» **GIVEN DATA**:
────────────────

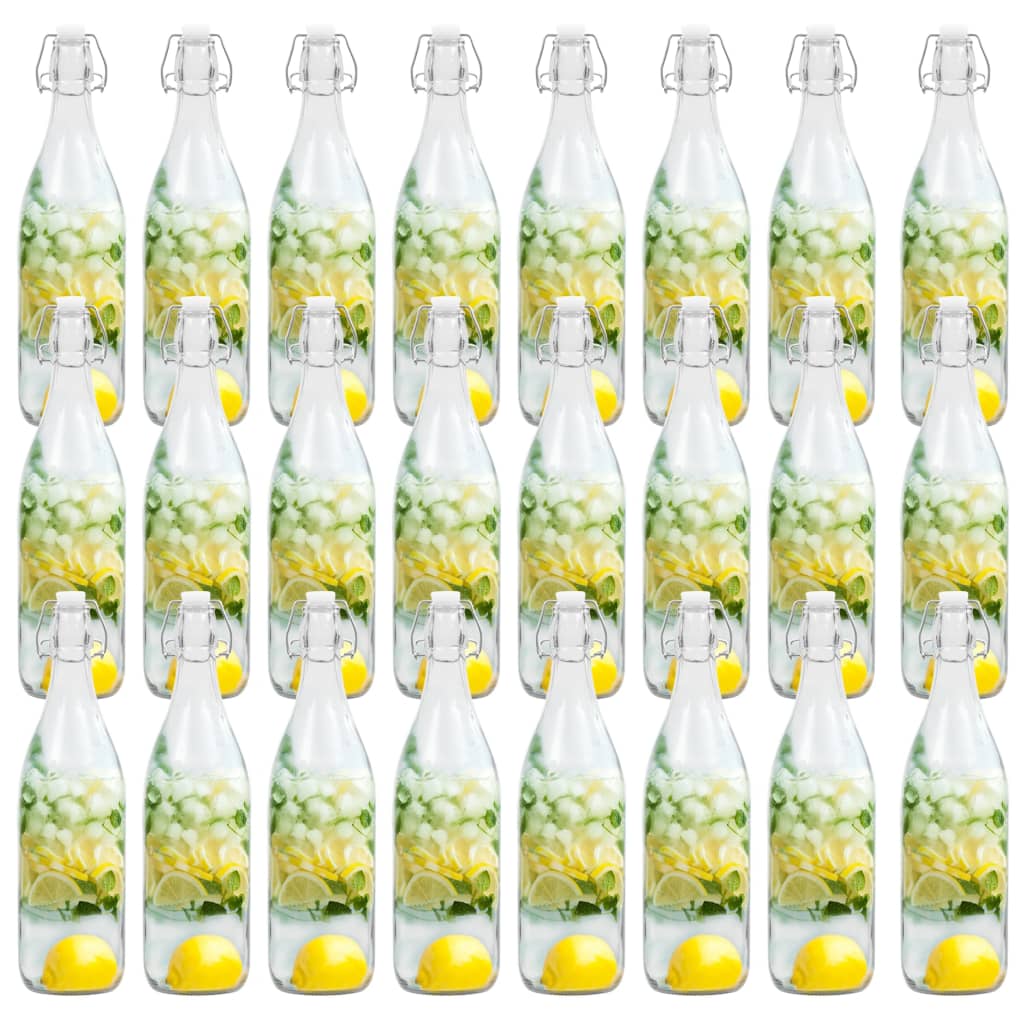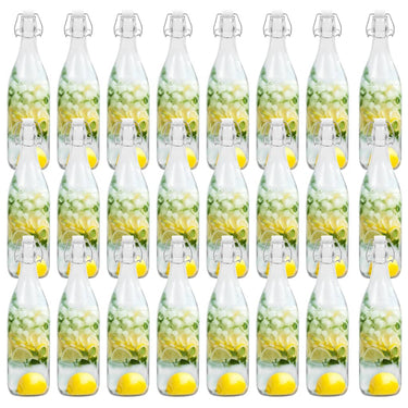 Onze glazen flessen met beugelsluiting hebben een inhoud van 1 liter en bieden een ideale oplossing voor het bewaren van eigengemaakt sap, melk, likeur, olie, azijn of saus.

────────────────

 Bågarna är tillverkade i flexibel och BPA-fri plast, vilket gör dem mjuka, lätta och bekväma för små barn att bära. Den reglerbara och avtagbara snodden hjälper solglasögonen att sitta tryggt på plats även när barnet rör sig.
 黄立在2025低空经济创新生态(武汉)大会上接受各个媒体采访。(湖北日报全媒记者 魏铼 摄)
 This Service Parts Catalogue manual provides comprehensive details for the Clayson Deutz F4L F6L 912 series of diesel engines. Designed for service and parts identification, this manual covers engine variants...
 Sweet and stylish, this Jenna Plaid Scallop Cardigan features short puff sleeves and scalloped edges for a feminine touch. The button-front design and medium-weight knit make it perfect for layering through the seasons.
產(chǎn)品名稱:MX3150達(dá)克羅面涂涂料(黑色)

────────────────

Give back, word for word, only the lines above from the line holding "This Service Parts" to the line holding "產(chǎn)品名稱:MX3150達(dá)克羅面涂涂料(黑色)", both included.

» **THE COMPLETED TASK**:
 This Service Parts Catalogue manual provides comprehensive details for the Clayson Deutz F4L F6L 912 series of diesel engines. Designed for service and parts identification, this manual covers engine variants...
 Sweet and stylish, this Jenna Plaid Scallop Cardigan features short puff sleeves and scalloped edges for a feminine touch. The button-front design and medium-weight knit make it perfect for layering through the seasons.
產(chǎn)品名稱:MX3150達(dá)克羅面涂涂料(黑色)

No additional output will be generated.